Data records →
^^^^^^^^^^^^^^^^

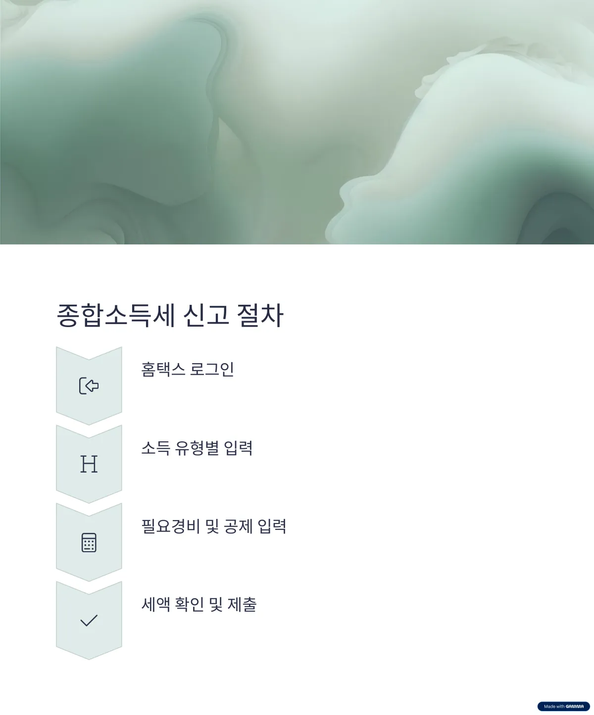 종합소득세 신고는 국세청 홈택스를 통해 진행할 수 있습니다. 절차는 다음과 같습니다.
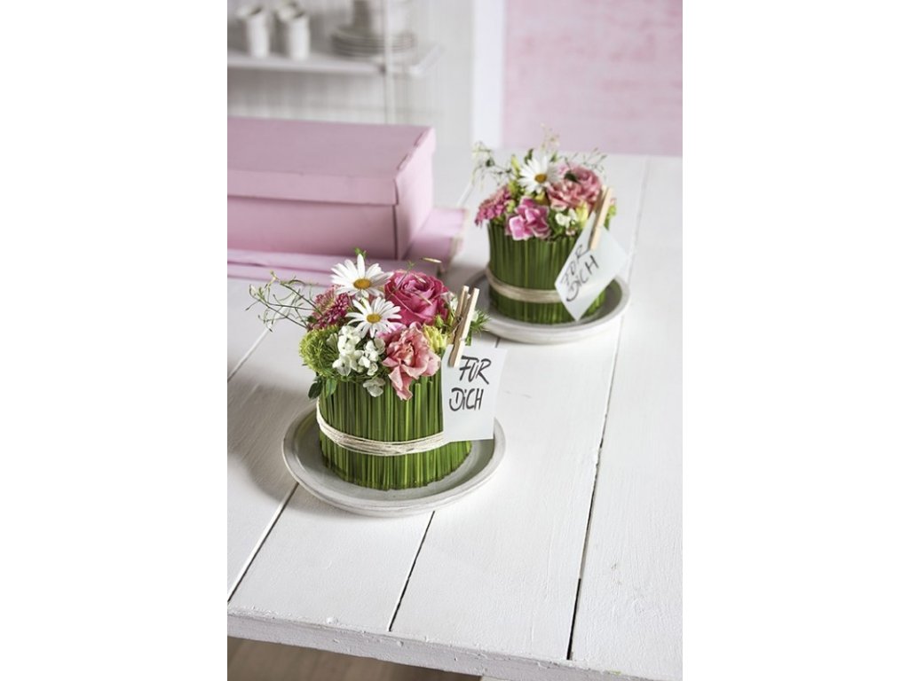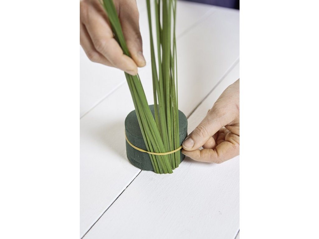 Před použitím nechte válec samovolně nasáknout ve vodě. Nikdy ho neponořujte násilím ani neotáčejte ve vodě, aby nevznikly suché místa. Během aranžování pravidelně doplňujte vodu do podložky, aby květiny zůstaly čerstvé co nejdéle. Skladujte v suchu a mimo přímé sluneční záření.
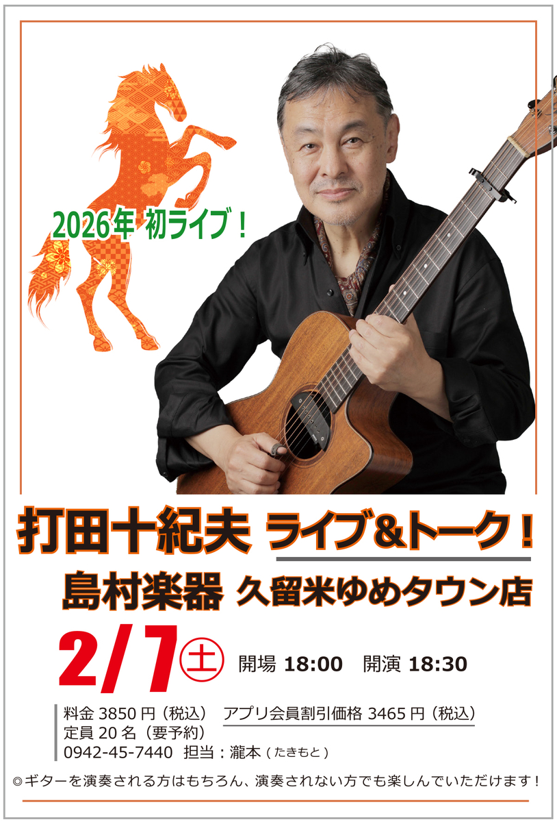 【ご案内】2026/2/7 (土) 打田十紀夫 “ライヴ&トーク” at 島村楽器・久留米ゆめタウン店
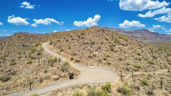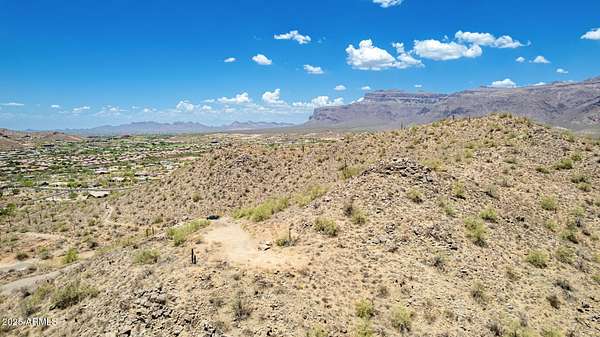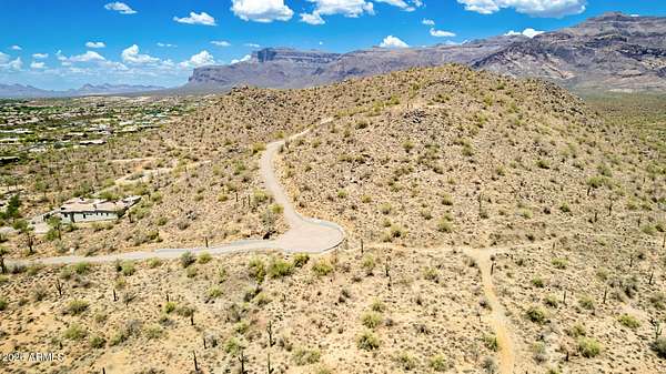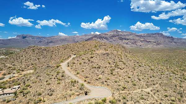What a RARE find! Welcome to one of Gold Canyon's most elevated and breathtaking 5-acre parcels in a gated community. This extraordinary hilltop home-site offers unmatched panoramic views with surrounding mountain vistas, twinkling city lights, and gorgeous sunsets from every angle. Enjoy ultimate privacy, with the property bordering untouched state land and set at the end of a private asphalt road. Best views in Gold Canyon! All improvements are in place & ready for your custom build! Whether you're dreaming of a luxury estate or a serene retreat, this property offers endless possibilities in a setting that truly goes above and beyond. Ask listing agent about the CAD renderings completed by the owner. View the video tours of the endless possibility's for the land development. Just WOW!
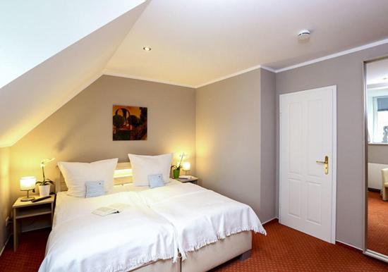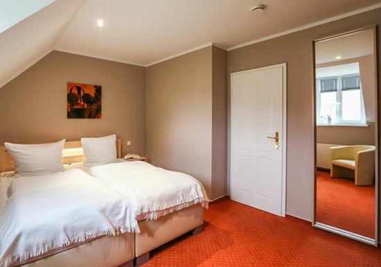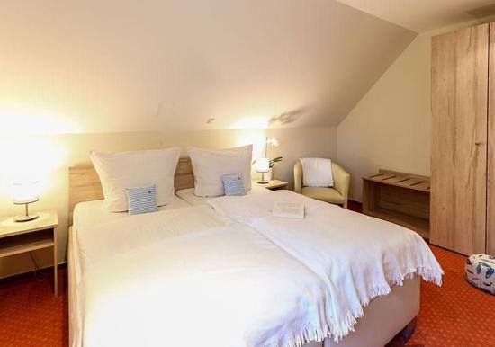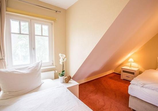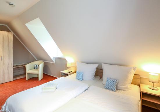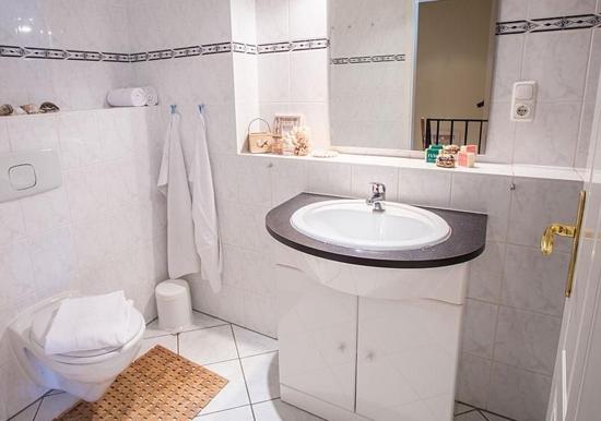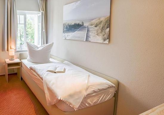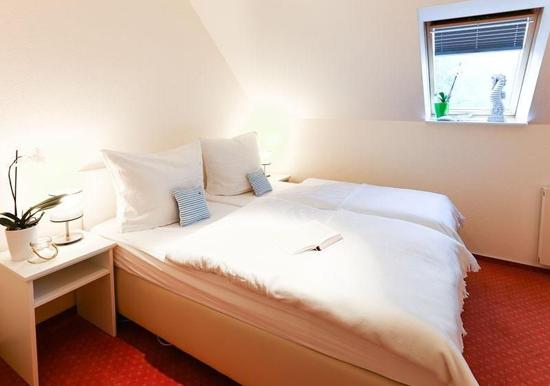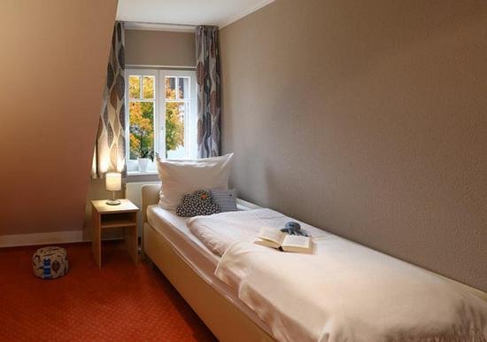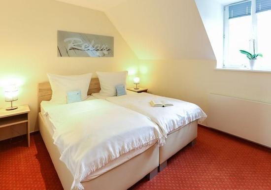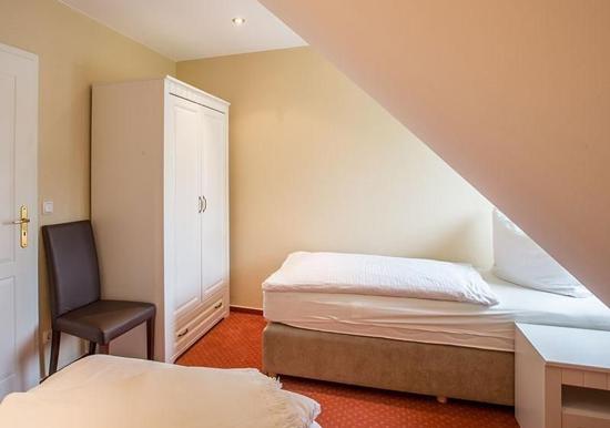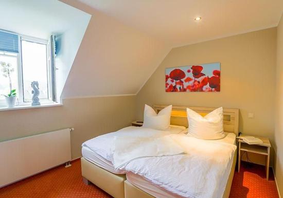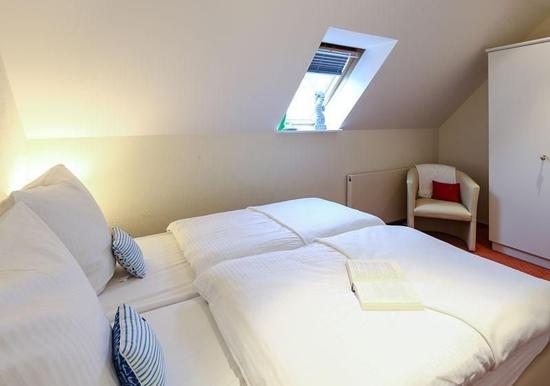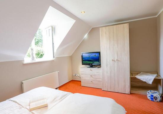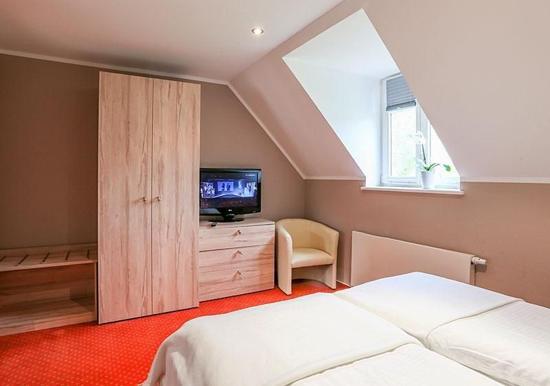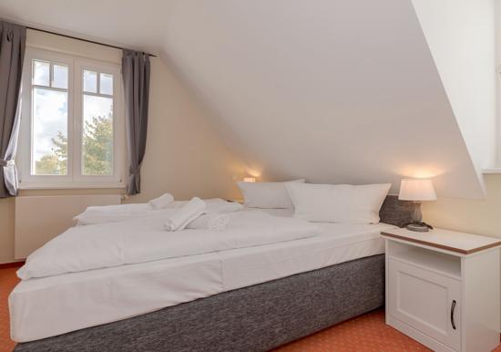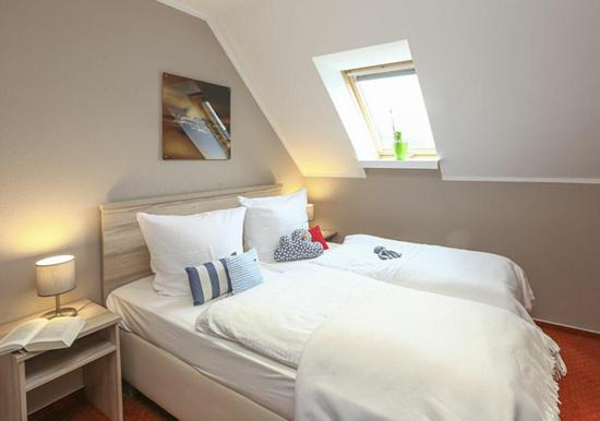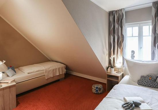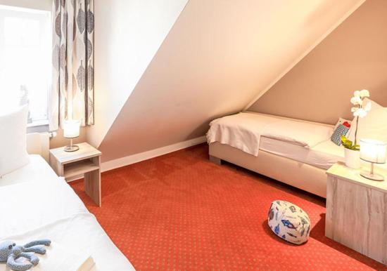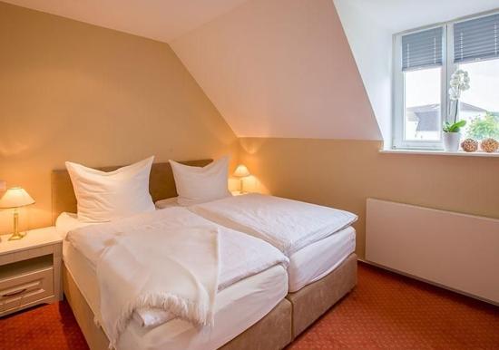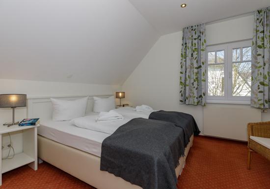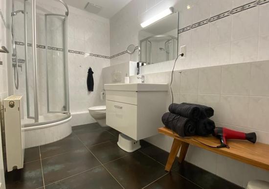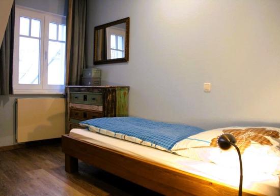 Das zweckmässig eingerichtete Schlafzimmer 1 ist mit einem gemütlichen Doppelbett (200 L x 160 B cm), einem Kleiderschrank, einer Kommode, einem Spiegel, 2 Nachtschränken und einem Fernseher ausgestattet. Im Schlafzimmer/Kinderzimmer befinden sich 2 Einzelbetten, die jeweils zu einem Doppelbett ausgezogen werden können, ein Kleiderschrank und 2 Nachtschränke
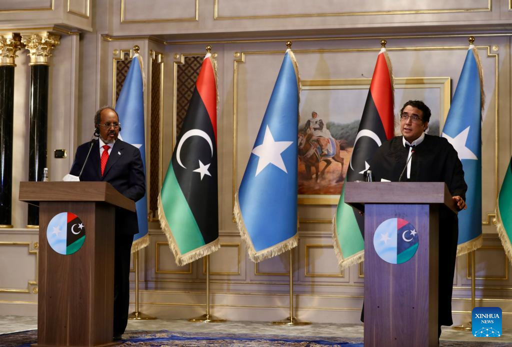 TRIPOLI, Feb. 24 (Xinhua) -- President of the Libyan Presidency Council Mohamed Menfi emphasized the importance of Libya-Somalia cooperation during a press conference on Monday following talks with visiting Somali President Hassan Sheikh Mohamud.
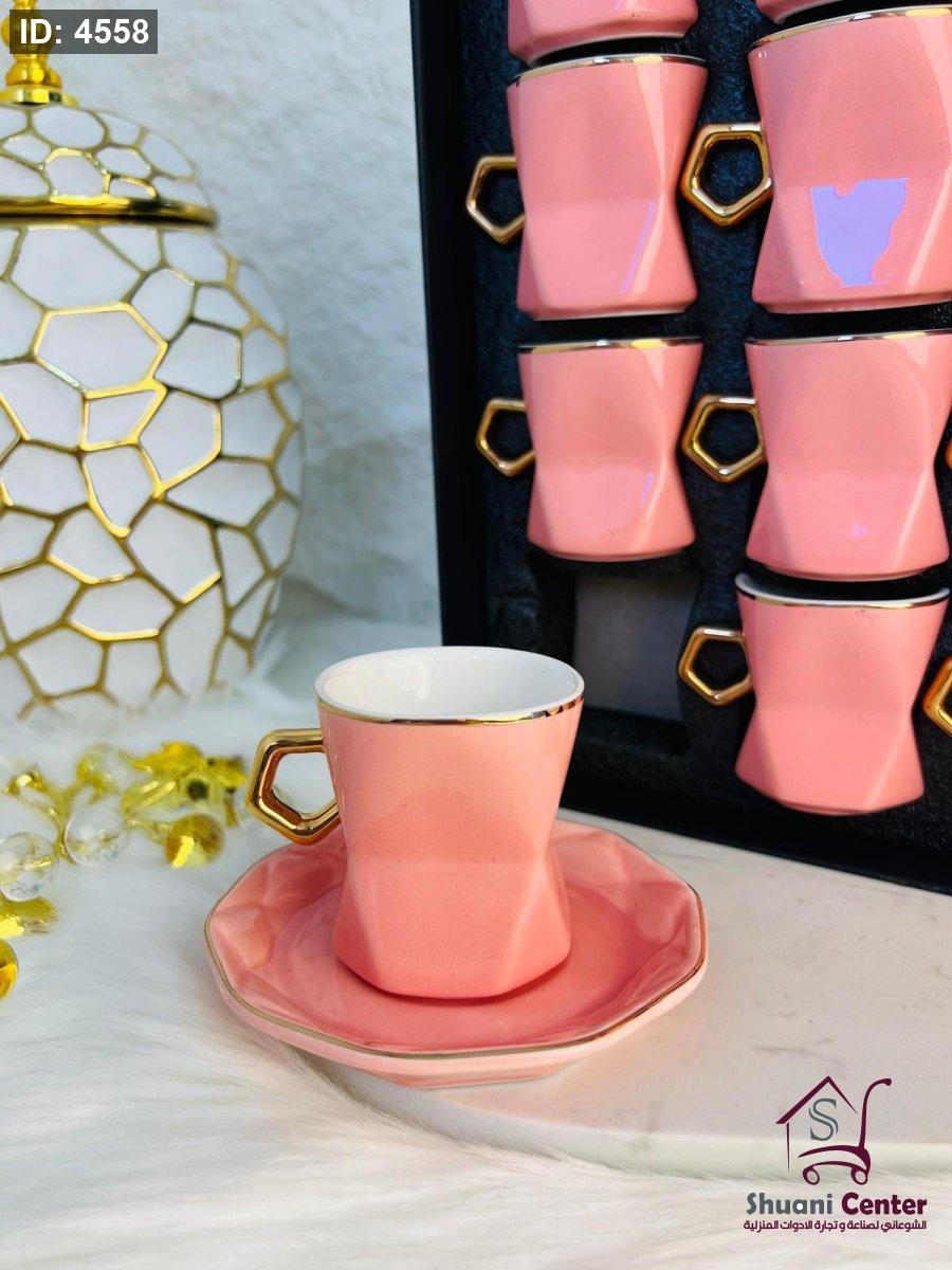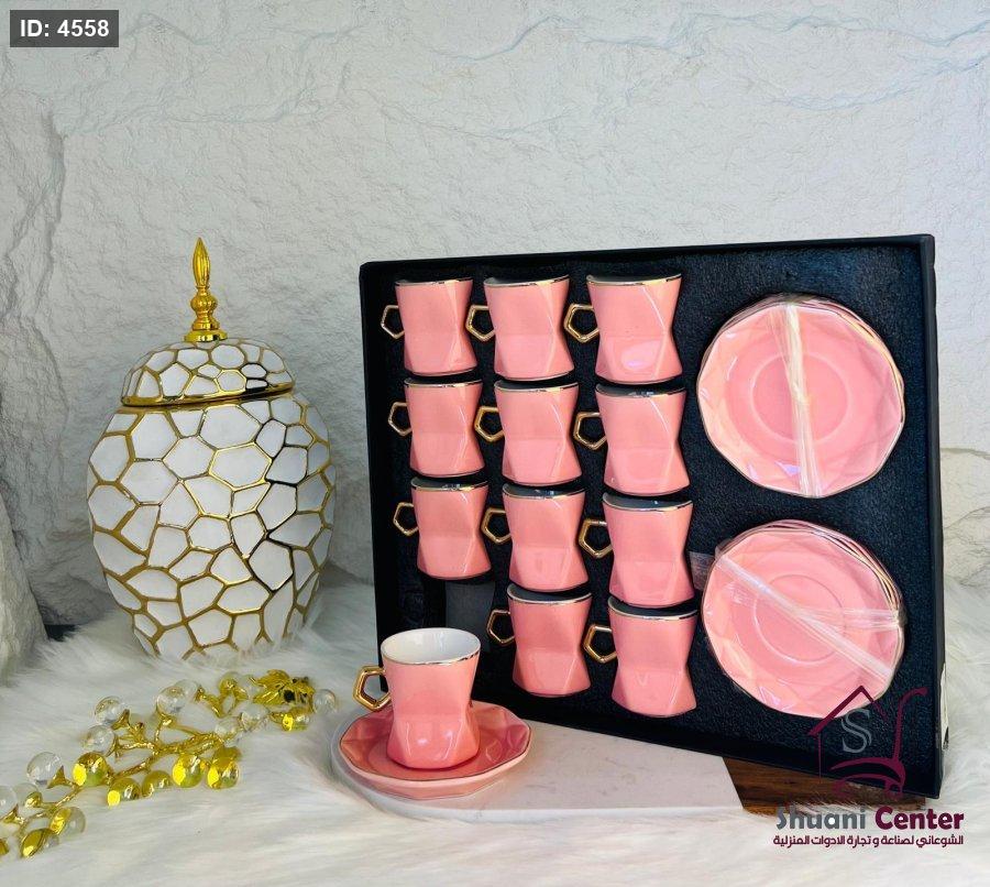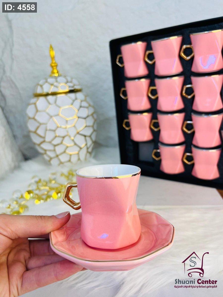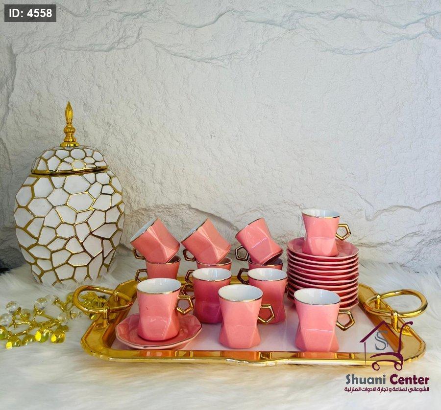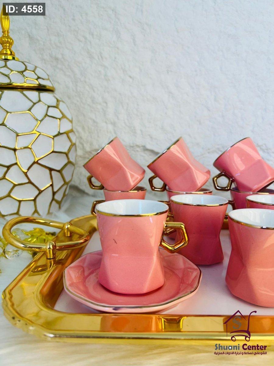 طقم فناجين قهوة زهري وذهبي 24 قطعة مميز وانيق وراقي جدا لاصحاب الذوق الرفيع

^^^^^^^^^^^^^^^^

Drop the pictures and copy the data exactly.

Problem solution →
 종합소득세 신고는 국세청 홈택스를 통해 진행할 수 있습니다. 절차는 다음과 같습니다.
 Před použitím nechte válec samovolně nasáknout ve vodě. Nikdy ho neponořujte násilím ani neotáčejte ve vodě, aby nevznikly suché místa. Během aranžování pravidelně doplňujte vodu do podložky, aby květiny zůstaly čerstvé co nejdéle. Skladujte v suchu a mimo přímé sluneční záření.
 【ご案内】2026/2/7 (土) 打田十紀夫 “ライヴ&トーク” at 島村楽器・久留米ゆめタウン店
What a RARE find! Welcome to one of Gold Canyon's most elevated and breathtaking 5-acre parcels in a gated community. This extraordinary hilltop home-site offers unmatched panoramic views with surrounding mountain vistas, twinkling city lights, and gorgeous sunsets from every angle. Enjoy ultimate privacy, with the property bordering untouched state land and set at the end of a private asphalt road. Best views in Gold Canyon! All improvements are in place & ready for your custom build! Whether you're dreaming of a luxury estate or a serene retreat, this property offers endless possibilities in a setting that truly goes above and beyond. Ask listing agent about the CAD renderings completed by the owner. View the video tours of the endless possibility's for the land development. Just WOW!
 Das zweckmässig eingerichtete Schlafzimmer 1 ist mit einem gemütlichen Doppelbett (200 L x 160 B cm), einem Kleiderschrank, einer Kommode, einem Spiegel, 2 Nachtschränken und einem Fernseher ausgestattet. Im Schlafzimmer/Kinderzimmer befinden sich 2 Einzelbetten, die jeweils zu einem Doppelbett ausgezogen werden können, ein Kleiderschrank und 2 Nachtschränke
 TRIPOLI, Feb. 24 (Xinhua) -- President of the Libyan Presidency Council Mohamed Menfi emphasized the importance of Libya-Somalia cooperation during a press conference on Monday following talks with visiting Somali President Hassan Sheikh Mohamud.
 طقم فناجين قهوة زهري وذهبي 24 قطعة مميز وانيق وراقي جدا لاصحاب الذوق الرفيع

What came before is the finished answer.